■ **What you will do**
Your answer should hold exactly the lines below from the line with "When the PRE" through the line with "Beim Eintreffen an", both included, and no pictures at all.

■ **Stored entries**

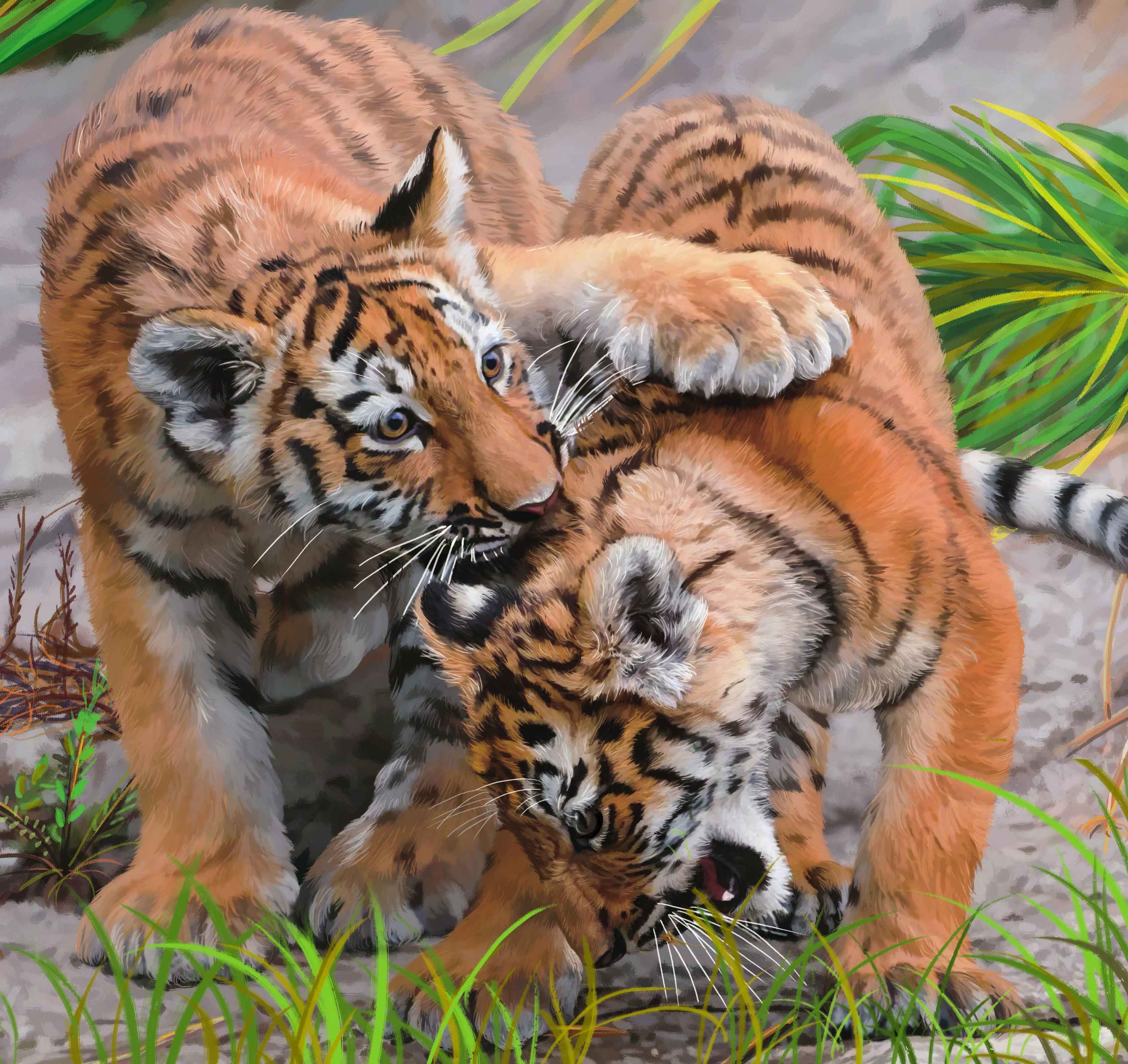 虎幼仔们每天花费大量时间练习捕猎技能,这为它们独立生活后能很好地适应自然环境以及成为优秀的猎手奠定了基础。
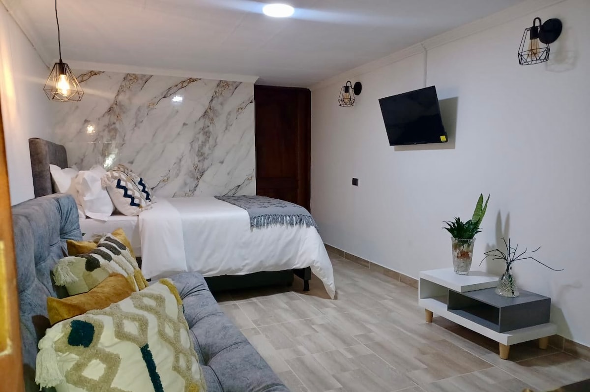 Beautiful apartment with spectacular mountain view, just 3 blocks from the principal park of Jardin. Surrounded by nature and very close to most of the tourist attractions of the town, wake up with the sound of birds and the river, this accommodation has plenty of space for you to enjoy with your family, Wifi, hot water and fully equipped kitchen.
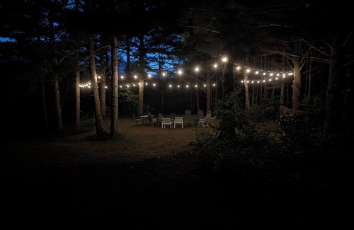 after a day of adventure, unwind around the cozy firepit tucked into the pine trees, sparkling with ambient string lights just steps from the water’s edge Challenge your friends to a fun game of cornhole or simply relax and enjoy the river views. fishing enthusiasts, you're in for a treat! the wisconsin river here is rated a1 for musky fishing—bring your poles or hire a local guide for the catch of a lifetime!
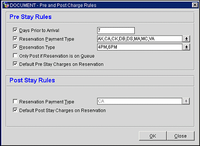 When the PRE STAY CHARGES and POST STAY CHARGES application settings are active, the availability of pre stay and post stay charging features for reservations/folios is also controlled by the pre stay and post stay rules set up for the property using the Pre and Post Charge Rules screen, and by the options selected on the reservation Privileges screen (see Privileges).
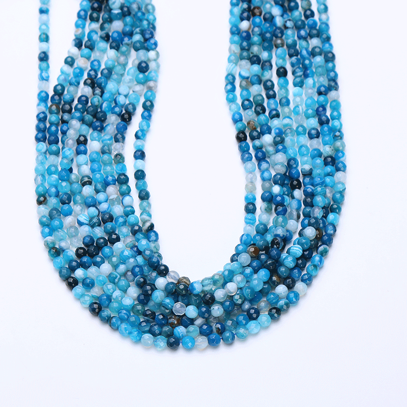 ลูกปัดมูนสโตนสีรุ้ง หินธรรมชาติแท้สำหรับขาย ขนาด 3 มม.-8 มม. ขัดเงา หินอาเกตสีน้ำเงิน ผ่านการบำบัดด้วยแร่
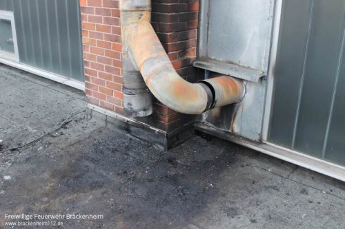 Beim Eintreffen an der Einsatzstelle waren an der Rückseite einer Industriehalle Flammen im unteren Bereich eines Abzugkamins zu erkennen, die gerade von einem Betriebsangehörigen mittels eines CO²-Löschers bekämpft wurden. Die weitere Erkundung ergab, dass es sich um einen Brand in einer Absauganlage und nicht um einen Kaminbrand handelte.
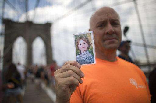 A demonstrator carries a prayer card for Daniel Gerard Barden, a victim of the Sandy Hook elementary school shooting, as he walks over the Brooklyn bridge during a march and rally against gun violence, Saturday, June 2, 2018, in New York. Youth Over Guns, a gun violence prevention organization in New York City, lead a march across the Brooklyn Bridge to call for youth empowerment and investment in urban communities to end gun violence. (AP Photo/Mary Altaffer)
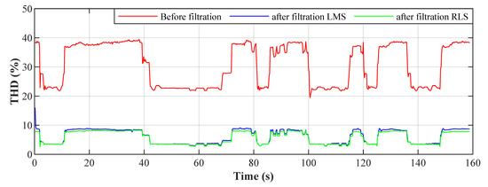- Martinek, R.; Rzidky, J.; Jaros, R.; Bilik, P.; Ladrova, M. Least Mean Squares and Recursive Least Squares Algorithms for Total Harmonic Distortion Reduction Using Shunt Active Power Filter Control. Energies 2019, 12, 1545. [Google Scholar] [CrossRef]

■ **Result below**
 When the PRE STAY CHARGES and POST STAY CHARGES application settings are active, the availability of pre stay and post stay charging features for reservations/folios is also controlled by the pre stay and post stay rules set up for the property using the Pre and Post Charge Rules screen, and by the options selected on the reservation Privileges screen (see Privileges).
 ลูกปัดมูนสโตนสีรุ้ง หินธรรมชาติแท้สำหรับขาย ขนาด 3 มม.-8 มม. ขัดเงา หินอาเกตสีน้ำเงิน ผ่านการบำบัดด้วยแร่
 Beim Eintreffen an der Einsatzstelle waren an der Rückseite einer Industriehalle Flammen im unteren Bereich eines Abzugkamins zu erkennen, die gerade von einem Betriebsangehörigen mittels eines CO²-Löschers bekämpft wurden. Die weitere Erkundung ergab, dass es sich um einen Brand in einer Absauganlage und nicht um einen Kaminbrand handelte.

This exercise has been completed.